• WORK REQUEST: In the entries that follow, find the line containing "Американский журнал Politico" and the line containing "1. Názvové údajeKalmanach", then retype exactly the lines from the first through the second, pictures excluded.

• SUPPLIED ENTRIES:
*** Begin section ***

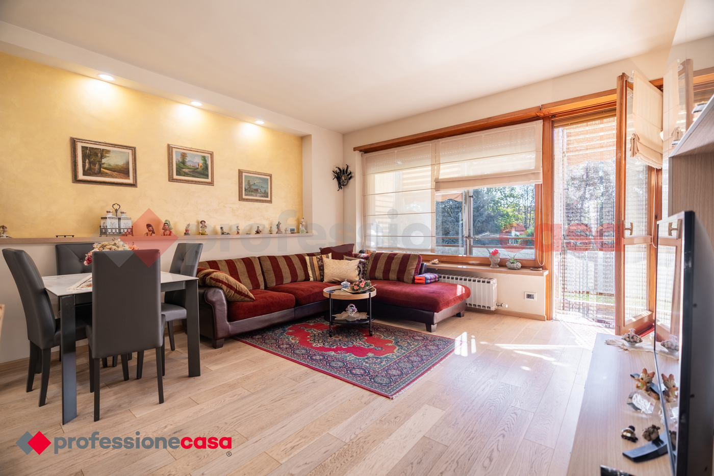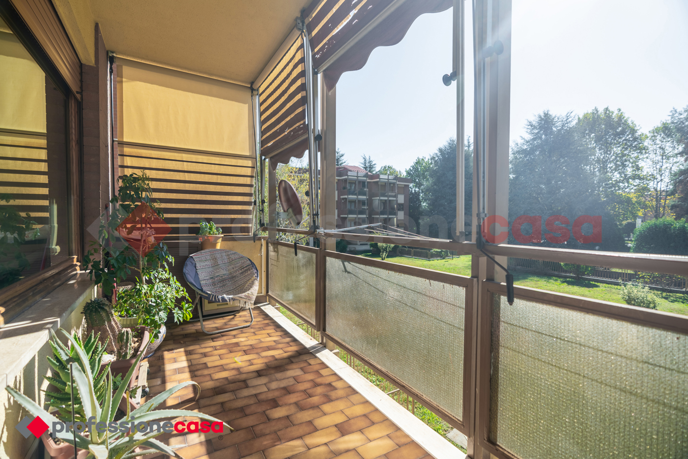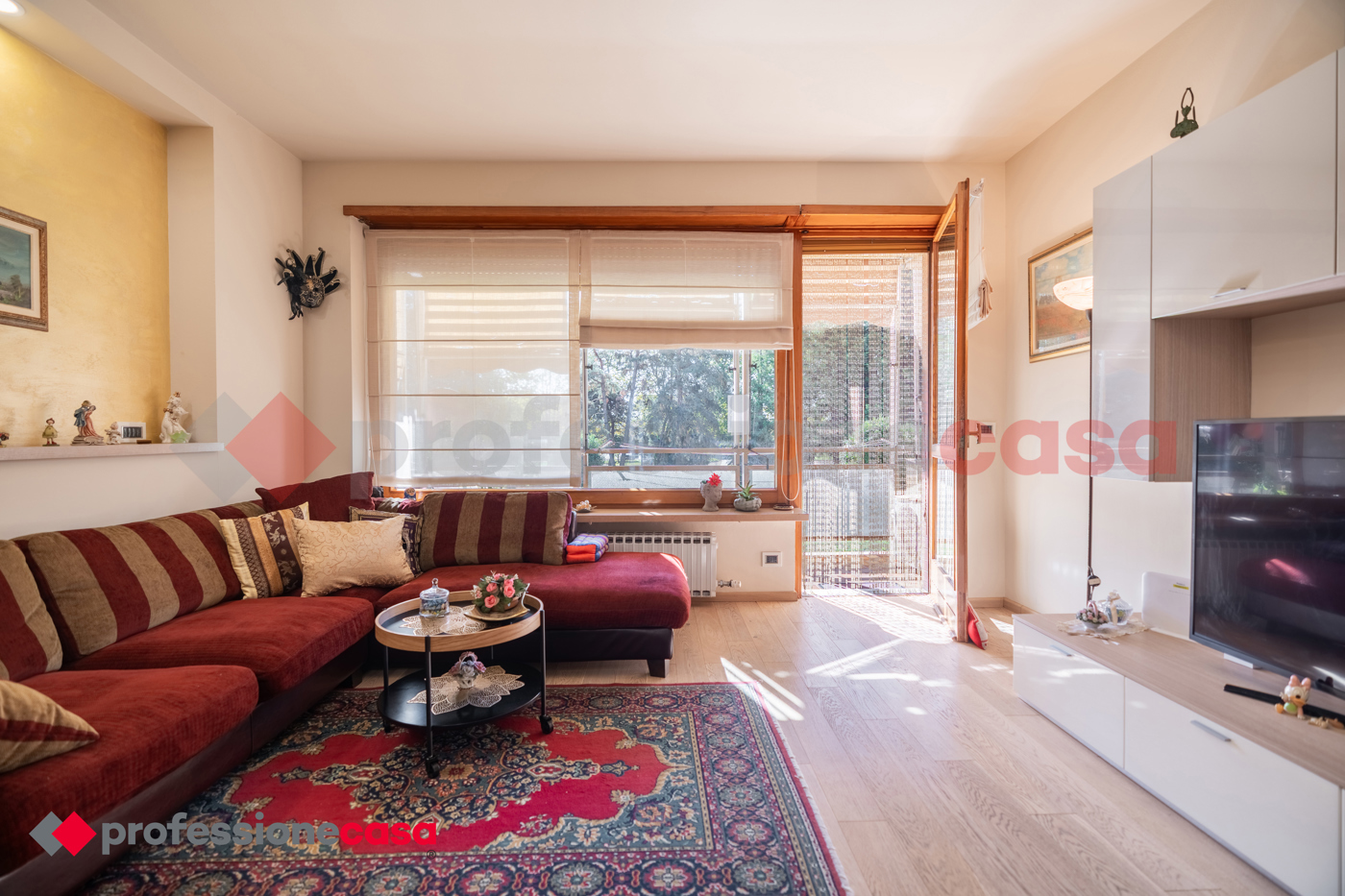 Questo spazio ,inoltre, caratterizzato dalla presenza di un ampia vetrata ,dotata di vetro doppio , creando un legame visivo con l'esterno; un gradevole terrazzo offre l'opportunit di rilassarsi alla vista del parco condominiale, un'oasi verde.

*** End section ***
*** Begin section ***

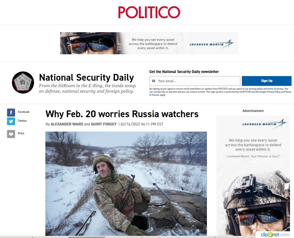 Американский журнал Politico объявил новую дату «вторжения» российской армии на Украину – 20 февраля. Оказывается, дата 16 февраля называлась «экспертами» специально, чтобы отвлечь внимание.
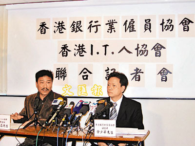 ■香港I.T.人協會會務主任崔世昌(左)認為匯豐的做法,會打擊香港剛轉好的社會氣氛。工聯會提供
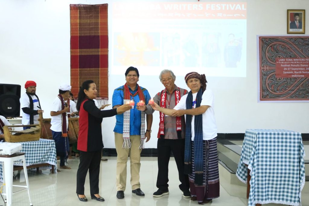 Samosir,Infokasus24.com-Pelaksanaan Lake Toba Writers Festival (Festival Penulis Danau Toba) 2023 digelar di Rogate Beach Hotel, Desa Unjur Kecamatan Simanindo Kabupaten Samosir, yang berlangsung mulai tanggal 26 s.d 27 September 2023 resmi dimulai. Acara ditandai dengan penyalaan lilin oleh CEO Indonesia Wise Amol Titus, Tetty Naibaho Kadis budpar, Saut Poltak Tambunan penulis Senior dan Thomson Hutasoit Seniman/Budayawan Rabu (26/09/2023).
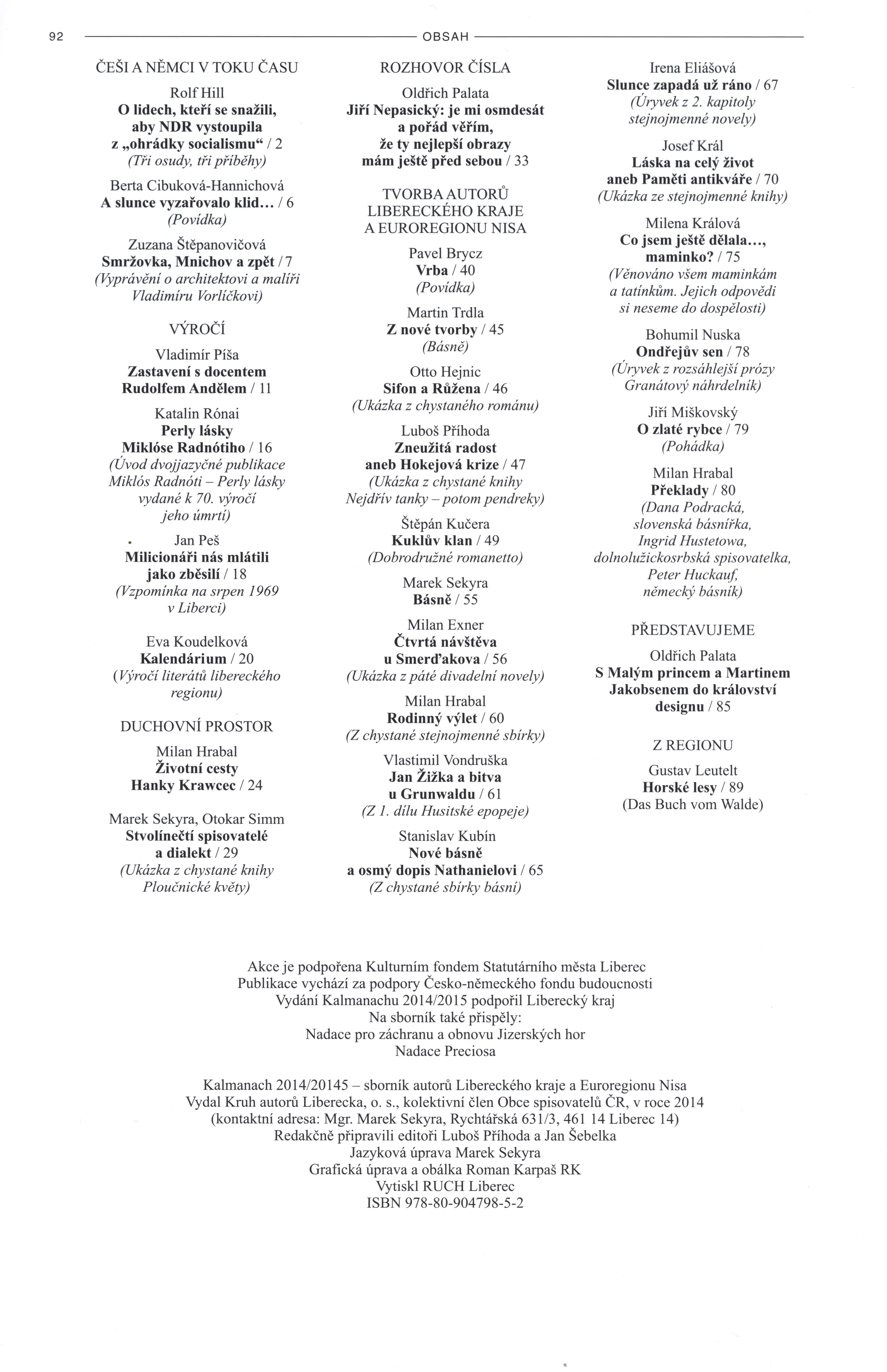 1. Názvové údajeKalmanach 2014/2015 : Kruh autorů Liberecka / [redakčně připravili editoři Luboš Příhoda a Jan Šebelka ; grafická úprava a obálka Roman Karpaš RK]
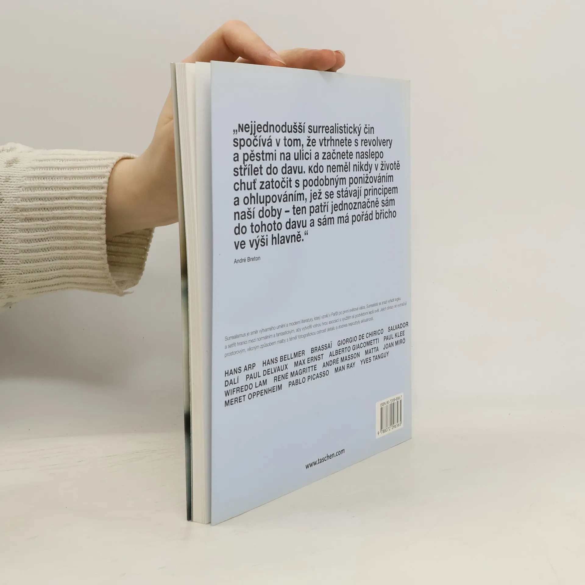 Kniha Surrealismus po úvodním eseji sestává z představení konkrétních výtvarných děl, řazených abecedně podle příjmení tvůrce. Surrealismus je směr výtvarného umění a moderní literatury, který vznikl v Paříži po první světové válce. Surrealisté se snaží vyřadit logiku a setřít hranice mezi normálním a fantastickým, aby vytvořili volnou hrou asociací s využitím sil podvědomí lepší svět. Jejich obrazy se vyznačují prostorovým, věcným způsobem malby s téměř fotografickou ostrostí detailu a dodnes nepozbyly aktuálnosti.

*** End section ***

• SOLUTION TO THIS PROBLEM:
 Американский журнал Politico объявил новую дату «вторжения» российской армии на Украину – 20 февраля. Оказывается, дата 16 февраля называлась «экспертами» специально, чтобы отвлечь внимание.
 ■香港I.T.人協會會務主任崔世昌(左)認為匯豐的做法,會打擊香港剛轉好的社會氣氛。工聯會提供
 Samosir,Infokasus24.com-Pelaksanaan Lake Toba Writers Festival (Festival Penulis Danau Toba) 2023 digelar di Rogate Beach Hotel, Desa Unjur Kecamatan Simanindo Kabupaten Samosir, yang berlangsung mulai tanggal 26 s.d 27 September 2023 resmi dimulai. Acara ditandai dengan penyalaan lilin oleh CEO Indonesia Wise Amol Titus, Tetty Naibaho Kadis budpar, Saut Poltak Tambunan penulis Senior dan Thomson Hutasoit Seniman/Budayawan Rabu (26/09/2023).
 1. Názvové údajeKalmanach 2014/2015 : Kruh autorů Liberecka / [redakčně připravili editoři Luboš Příhoda a Jan Šebelka ; grafická úprava a obálka Roman Karpaš RK]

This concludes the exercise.